_SUPPLIED INFORMATION:_
────
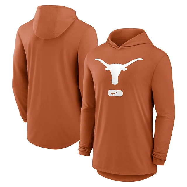 Nike Men's Texas Orange Longhorns Legacy Tri-Blend Dri-fit Long Sleeve Hoodie T-Shirt
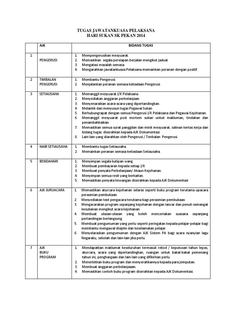 Tugas Jawatankuasa Pelaksana Pdf
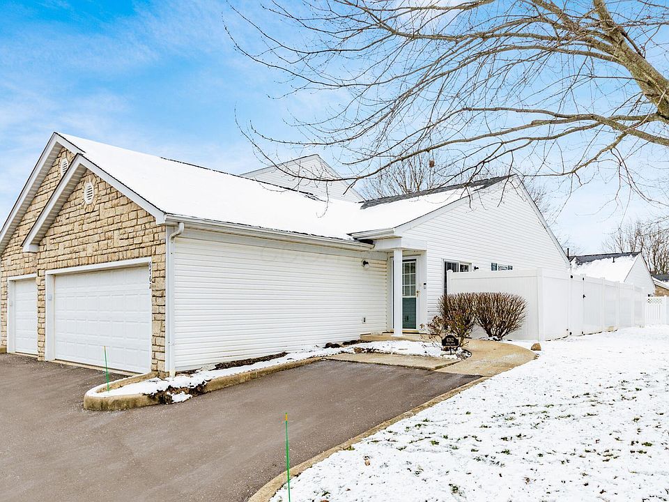 Rare 3 Bedroom One Story Condo in the desirable Gender Park Community with clubhouse, workout facility, pool and park. This end unit condominium has a heated 2 car garage, private backyard with patio and newer privacy vinyl fencing, nice living room with wide plank flooring, kitchen with breakfast bar, pantry and stainless steel appliances, dining room, separate big laundry room, primary bedroom suite with walk in closet and full bath, 3rd bedroom could also be used as a home office if desired, attractive partial stone facade. Great location near parks, bike/ walking trails, churches, schools, restaurants and shopping!
────
_EXERCISE PROMPT:_
The expected output is the full material above, unaltered, with pictures removed.

_ANSWER AREA:_
 Nike Men's Texas Orange Longhorns Legacy Tri-Blend Dri-fit Long Sleeve Hoodie T-Shirt
 Tugas Jawatankuasa Pelaksana Pdf
 Rare 3 Bedroom One Story Condo in the desirable Gender Park Community with clubhouse, workout facility, pool and park. This end unit condominium has a heated 2 car garage, private backyard with patio and newer privacy vinyl fencing, nice living room with wide plank flooring, kitchen with breakfast bar, pantry and stainless steel appliances, dining room, separate big laundry room, primary bedroom suite with walk in closet and full bath, 3rd bedroom could also be used as a home office if desired, attractive partial stone facade. Great location near parks, bike/ walking trails, churches, schools, restaurants and shopping!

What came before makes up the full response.